The National Health Insurance Service (NHIS) plans to strengthen oversight of pharmaceutical expenditures by enhancing post-pricing management systems, including Price-Volume Agreements (PVA) and negotiations for expanded drug indications.

At a press briefing on April 15, Yoo-kyung Yoon, Director of the Pharmaceutical Benefits Management Division, shared the agency’s 2024 agenda.

In 2023, drug spending reached $18.5 billion, accounting for 23.6% of the national health insurance budget, up 0.8 percentage points from the previous year. This marks a continued rise from $14 billion in 2019.

To address this trend, NHIS conducted a foundational study last year to broaden financial analysis related to PVA and initiated reforms to improve cost-efficiency.

Yoon reported that the NHIS applied differentiated pricing based on reimbursement volume under the PVA system, raising discount rates for high-cost drugs by 36% and easing exemption standards for smaller pharmaceutical firms. These negotiations, covering 257 items, resulted in $66 million in savings.

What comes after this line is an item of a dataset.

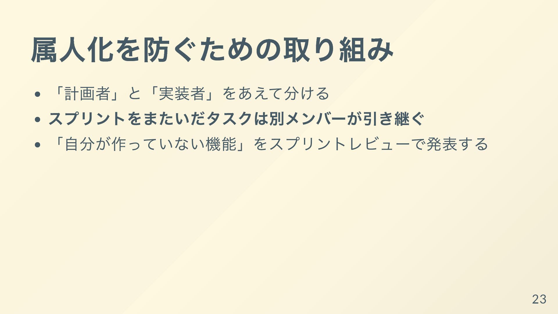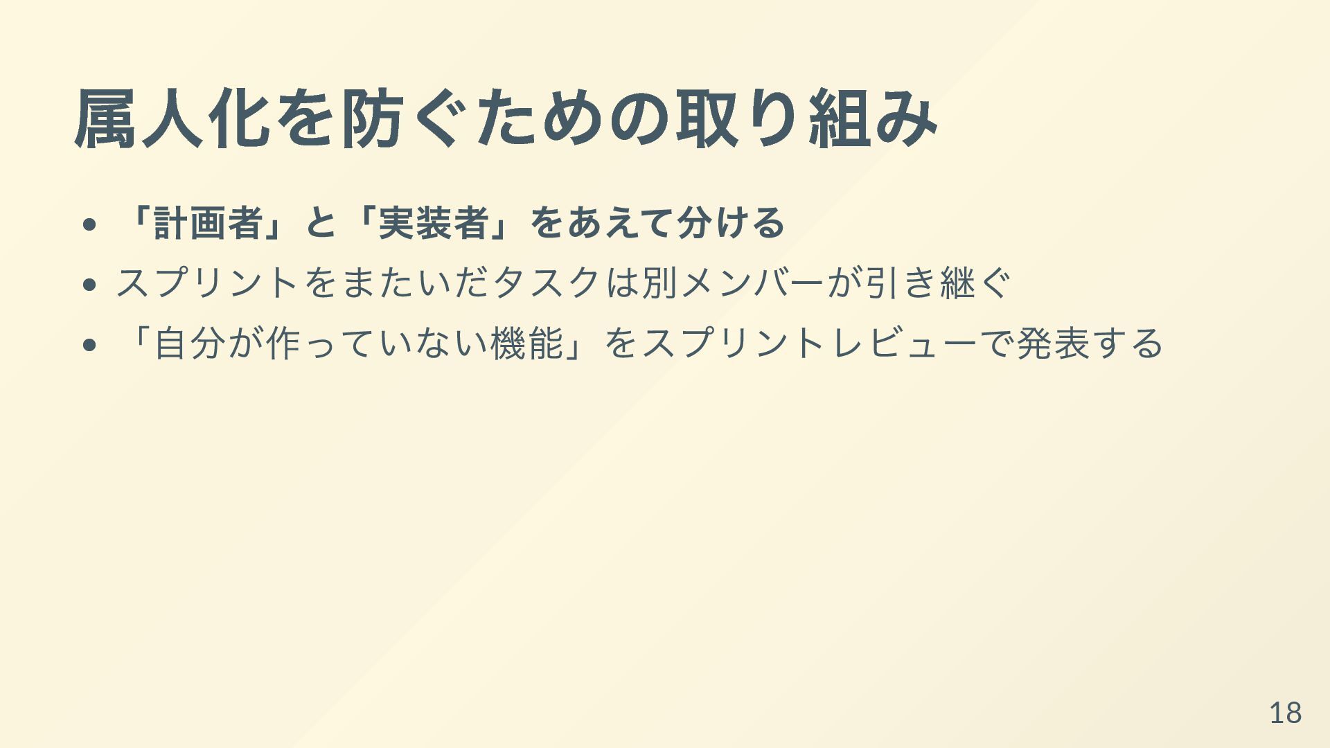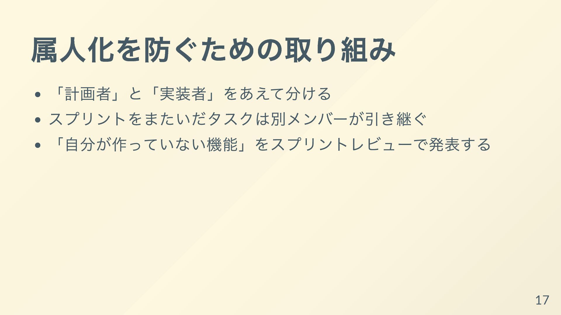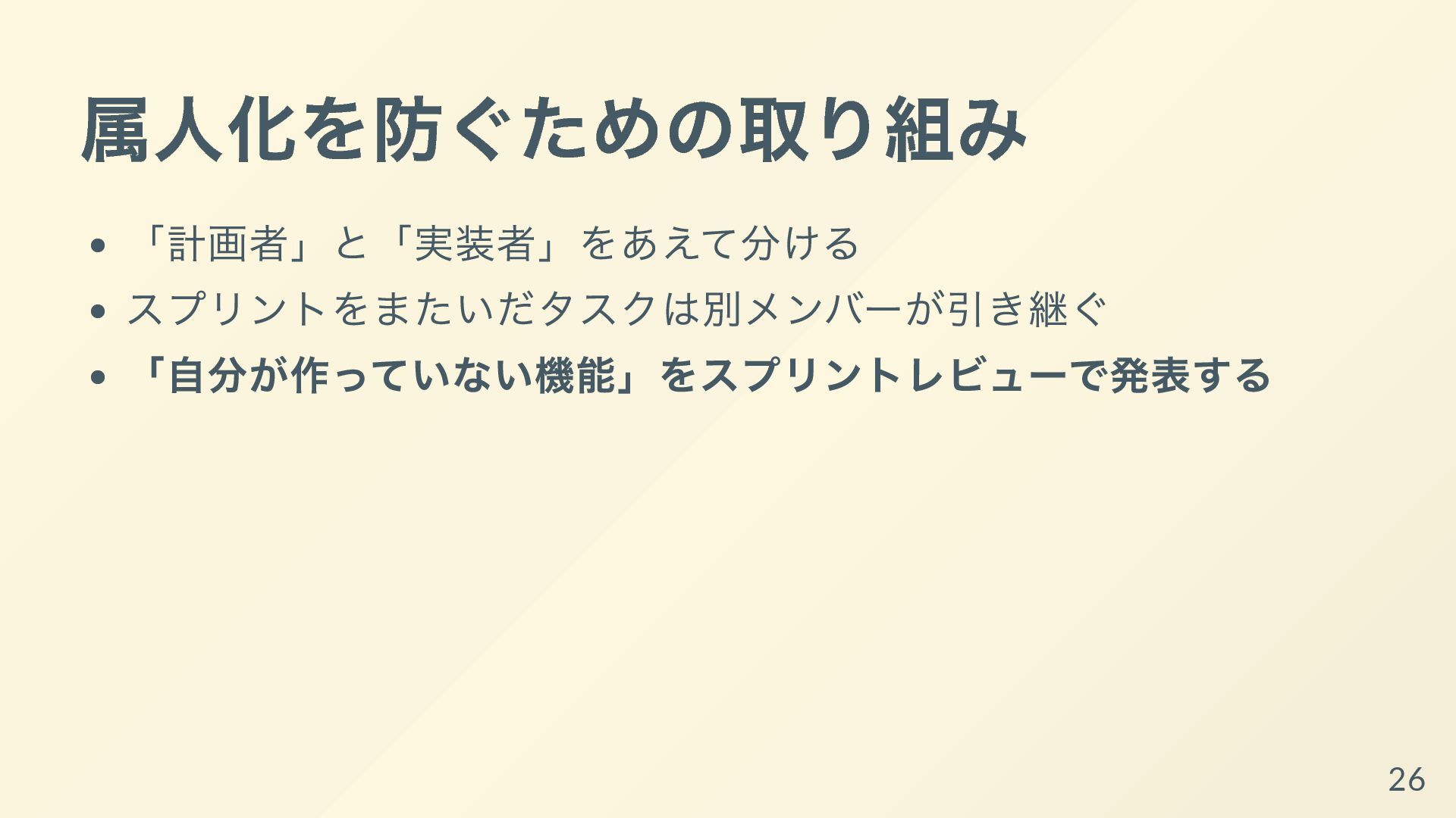 それぞれの開発者が専門性を発揮して、得意な領域ばかりを着手するようになっていると、他の開発者からは何をしているか理解できなかったり、スプリントゴールが達成可能であるかの検査も個人依存で機能不全になってしまいます。

For 2024, NHIS will prioritize:

★ Managing reimbursement expansion for high-cost drugs

★ Monitoring and negotiating clawbacks for drugs under clinical re-evaluation

★ Refining the PVA framework

★ Conducting indication expansion negotiations

Under the updated PVA system, NHIS will enforce a maximum price reduction of 12.5% for high-cost drugs to enhance expenditure control.

Negotiations for expanded indications will focus on therapies such as immuno-oncology drugs. These will involve international benchmarking, cost-effectiveness assessments, budget impact reviews, and post-listing evaluations—reflecting increased demand for broader coverage of costly cancer and one-time curative treatments.

To support these initiatives, NHIS is forming a consultative group with pharmaceutical companies to develop detailed guidelines that incorporate financial impact analyses and drug-specific factors. The goal is to balance fiscal sustainability with public health benefits.

Yoon also addressed the ongoing lawsuit over the clawback nullification for choline alfoscerate. The agency is working with the Ministry of Health and Welfare on strategies, including monitoring withdrawn approvals and developing legal countermeasures.

Hyun-deok Kim, Head of the Drug Pricing Reform Division, added, “Many of choline’s indications have been delisted, and 25% of prescriptions are for unapproved uses. We will continue to monitor clawback negotiations and seek ways to inform the public about off-label prescribing.”

Se-rim Oh, Head of the Post-Negotiation Management Division, emphasized the importance of identifying whether companies exiting mid-process do so due to failed re-evaluations or poor sales performance. “We are reviewing this from both legal and operational angles to ensure a sound response,” she said.